→ **Exercise brief**
Skipping any pictures, repeat exactly and only the lines from the one that holds "Il pacchetto include: 240" to the last line of the material, both included.

→ **Provided material**

□ □ □ □ □

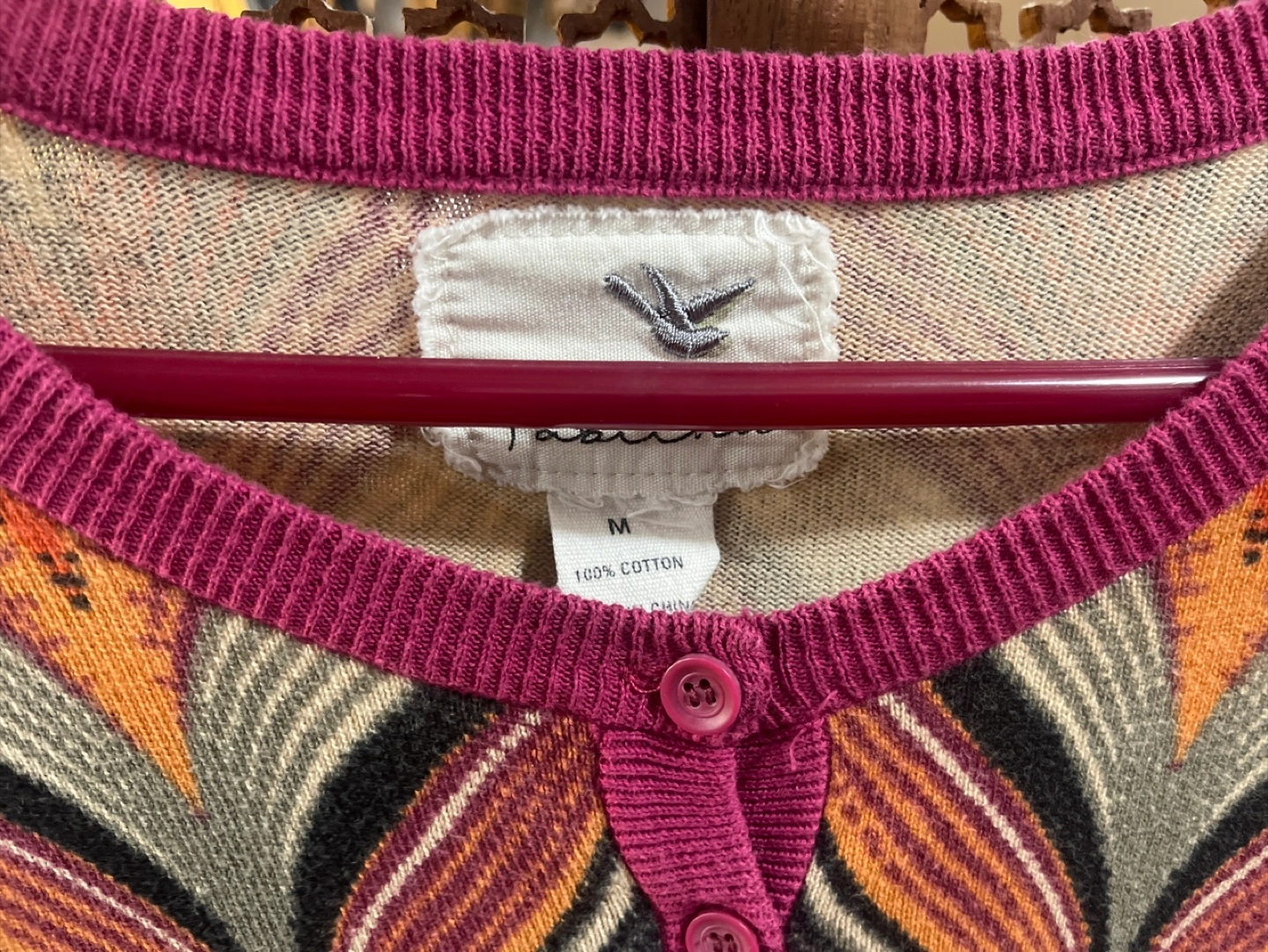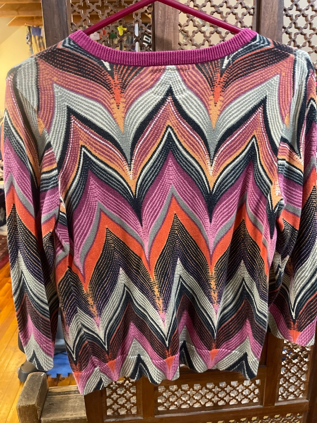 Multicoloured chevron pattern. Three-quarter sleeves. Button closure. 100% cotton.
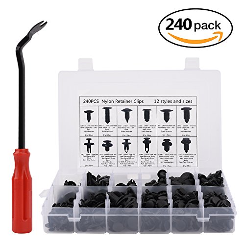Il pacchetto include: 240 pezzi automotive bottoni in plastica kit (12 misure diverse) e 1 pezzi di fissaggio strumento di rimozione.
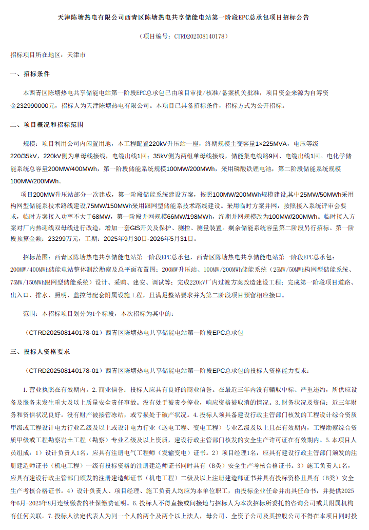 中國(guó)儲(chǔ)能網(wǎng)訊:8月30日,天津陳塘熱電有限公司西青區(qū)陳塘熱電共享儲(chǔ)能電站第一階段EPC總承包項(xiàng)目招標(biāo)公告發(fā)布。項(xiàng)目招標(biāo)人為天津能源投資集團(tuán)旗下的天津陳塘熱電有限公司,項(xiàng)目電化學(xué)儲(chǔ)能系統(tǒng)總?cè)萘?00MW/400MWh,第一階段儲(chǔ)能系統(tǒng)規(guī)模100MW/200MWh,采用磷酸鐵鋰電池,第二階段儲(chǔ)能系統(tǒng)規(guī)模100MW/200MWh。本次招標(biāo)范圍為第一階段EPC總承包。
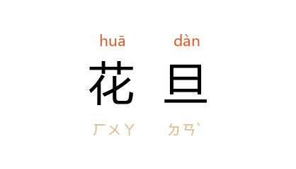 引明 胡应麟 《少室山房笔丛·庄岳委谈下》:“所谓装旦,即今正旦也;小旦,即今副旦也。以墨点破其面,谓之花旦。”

□ □ □ □ □

→ **Solved problem**
Il pacchetto include: 240 pezzi automotive bottoni in plastica kit (12 misure diverse) e 1 pezzi di fissaggio strumento di rimozione.
 中國(guó)儲(chǔ)能網(wǎng)訊:8月30日,天津陳塘熱電有限公司西青區(qū)陳塘熱電共享儲(chǔ)能電站第一階段EPC總承包項(xiàng)目招標(biāo)公告發(fā)布。項(xiàng)目招標(biāo)人為天津能源投資集團(tuán)旗下的天津陳塘熱電有限公司,項(xiàng)目電化學(xué)儲(chǔ)能系統(tǒng)總?cè)萘?00MW/400MWh,第一階段儲(chǔ)能系統(tǒng)規(guī)模100MW/200MWh,采用磷酸鐵鋰電池,第二階段儲(chǔ)能系統(tǒng)規(guī)模100MW/200MWh。本次招標(biāo)范圍為第一階段EPC總承包。
 引明 胡应麟 《少室山房笔丛·庄岳委谈下》:“所谓装旦,即今正旦也;小旦,即今副旦也。以墨点破其面,谓之花旦。”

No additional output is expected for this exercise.